» ASSIGNED TASK: Restate word for word the lines of the records below, starting at the line that contains "The lowest block" and ending at the line that contains "Stainless Steel Flexible", with both of those lines included and nothing else.

» DATA PROVIDED:

################

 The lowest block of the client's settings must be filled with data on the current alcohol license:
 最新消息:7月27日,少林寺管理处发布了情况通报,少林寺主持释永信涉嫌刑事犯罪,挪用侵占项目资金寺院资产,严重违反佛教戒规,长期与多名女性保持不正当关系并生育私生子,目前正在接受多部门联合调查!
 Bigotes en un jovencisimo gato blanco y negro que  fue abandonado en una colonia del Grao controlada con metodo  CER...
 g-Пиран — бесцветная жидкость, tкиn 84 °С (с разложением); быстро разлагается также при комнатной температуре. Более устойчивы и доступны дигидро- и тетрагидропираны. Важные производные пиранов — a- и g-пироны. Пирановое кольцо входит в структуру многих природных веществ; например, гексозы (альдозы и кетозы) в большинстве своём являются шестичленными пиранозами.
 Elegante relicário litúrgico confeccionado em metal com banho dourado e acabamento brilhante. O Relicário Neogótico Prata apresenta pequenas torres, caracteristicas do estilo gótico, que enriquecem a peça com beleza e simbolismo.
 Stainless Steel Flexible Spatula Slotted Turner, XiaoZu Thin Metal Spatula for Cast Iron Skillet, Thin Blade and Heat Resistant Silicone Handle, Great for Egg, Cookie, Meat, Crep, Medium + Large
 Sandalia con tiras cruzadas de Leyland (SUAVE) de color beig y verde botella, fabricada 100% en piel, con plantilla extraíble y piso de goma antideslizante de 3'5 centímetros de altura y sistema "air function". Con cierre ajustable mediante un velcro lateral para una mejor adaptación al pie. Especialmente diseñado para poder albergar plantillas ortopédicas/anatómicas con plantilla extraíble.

################

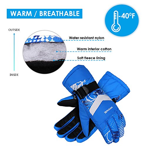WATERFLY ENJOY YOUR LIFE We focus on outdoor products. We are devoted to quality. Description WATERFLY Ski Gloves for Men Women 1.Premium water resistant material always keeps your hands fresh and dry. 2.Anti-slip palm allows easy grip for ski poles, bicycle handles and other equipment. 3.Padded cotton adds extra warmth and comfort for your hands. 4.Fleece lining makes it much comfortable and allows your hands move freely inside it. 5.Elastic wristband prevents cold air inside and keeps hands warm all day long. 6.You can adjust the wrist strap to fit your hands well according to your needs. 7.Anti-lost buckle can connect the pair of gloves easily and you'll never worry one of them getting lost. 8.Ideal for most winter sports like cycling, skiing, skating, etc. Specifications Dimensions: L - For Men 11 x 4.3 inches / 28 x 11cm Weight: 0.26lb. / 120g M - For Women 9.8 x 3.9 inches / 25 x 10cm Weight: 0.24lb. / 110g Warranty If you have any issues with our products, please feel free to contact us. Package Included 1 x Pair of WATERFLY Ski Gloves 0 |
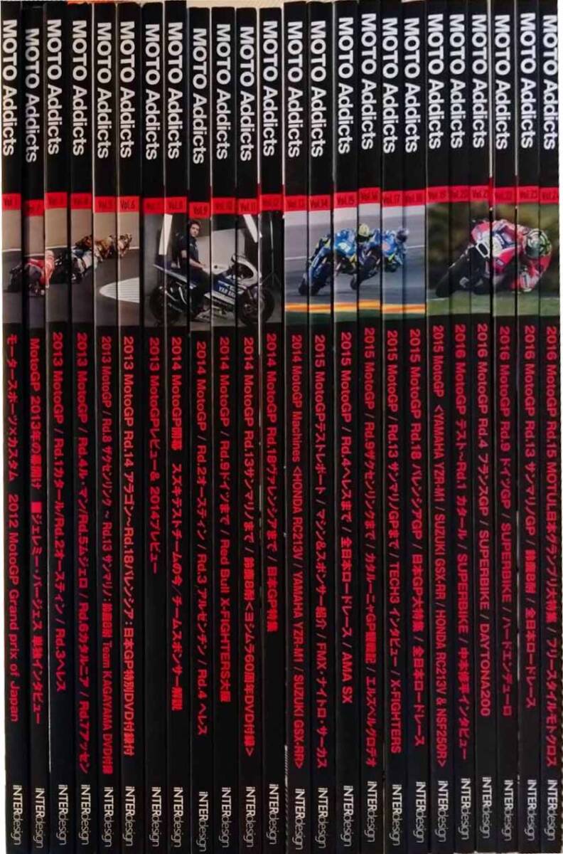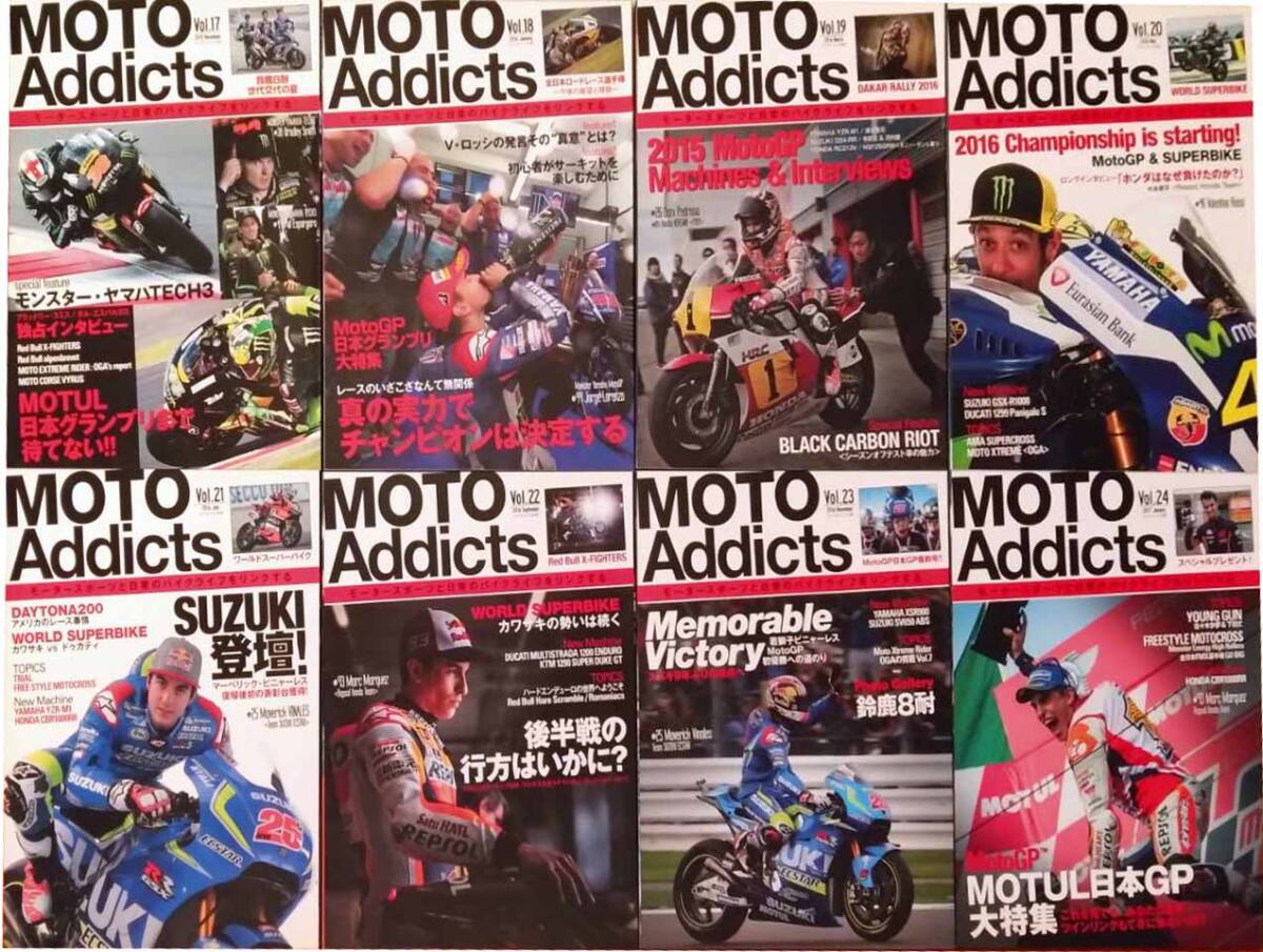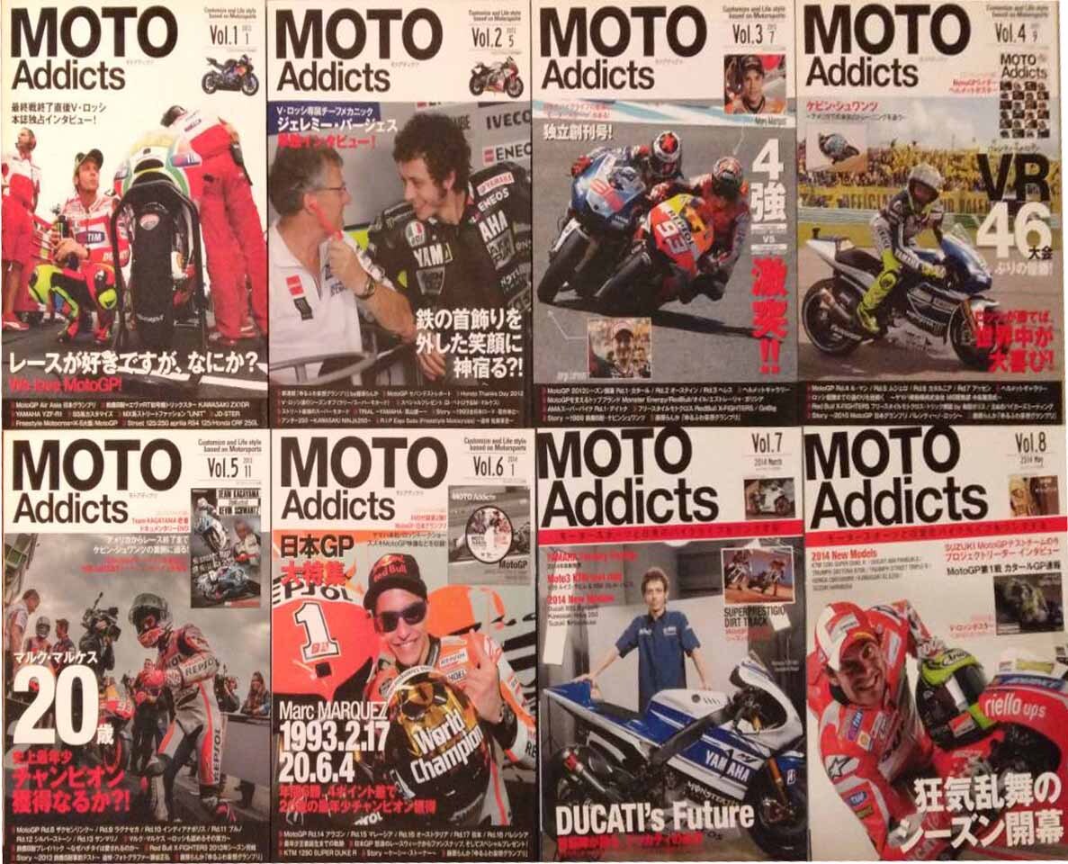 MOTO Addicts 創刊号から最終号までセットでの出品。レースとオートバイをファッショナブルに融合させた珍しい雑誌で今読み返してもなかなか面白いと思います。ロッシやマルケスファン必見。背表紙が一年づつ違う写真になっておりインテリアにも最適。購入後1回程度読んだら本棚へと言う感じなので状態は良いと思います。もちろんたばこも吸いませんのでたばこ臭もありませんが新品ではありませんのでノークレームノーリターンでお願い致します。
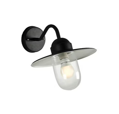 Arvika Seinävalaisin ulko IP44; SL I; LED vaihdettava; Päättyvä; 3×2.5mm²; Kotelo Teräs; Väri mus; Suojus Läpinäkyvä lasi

################

» WRITTEN SOLUTION:
 The lowest block of the client's settings must be filled with data on the current alcohol license:
 最新消息:7月27日,少林寺管理处发布了情况通报,少林寺主持释永信涉嫌刑事犯罪,挪用侵占项目资金寺院资产,严重违反佛教戒规,长期与多名女性保持不正当关系并生育私生子,目前正在接受多部门联合调查!
 Bigotes en un jovencisimo gato blanco y negro que  fue abandonado en una colonia del Grao controlada con metodo  CER...
 g-Пиран — бесцветная жидкость, tкиn 84 °С (с разложением); быстро разлагается также при комнатной температуре. Более устойчивы и доступны дигидро- и тетрагидропираны. Важные производные пиранов — a- и g-пироны. Пирановое кольцо входит в структуру многих природных веществ; например, гексозы (альдозы и кетозы) в большинстве своём являются шестичленными пиранозами.
 Elegante relicário litúrgico confeccionado em metal com banho dourado e acabamento brilhante. O Relicário Neogótico Prata apresenta pequenas torres, caracteristicas do estilo gótico, que enriquecem a peça com beleza e simbolismo.
 Stainless Steel Flexible Spatula Slotted Turner, XiaoZu Thin Metal Spatula for Cast Iron Skillet, Thin Blade and Heat Resistant Silicone Handle, Great for Egg, Cookie, Meat, Crep, Medium + Large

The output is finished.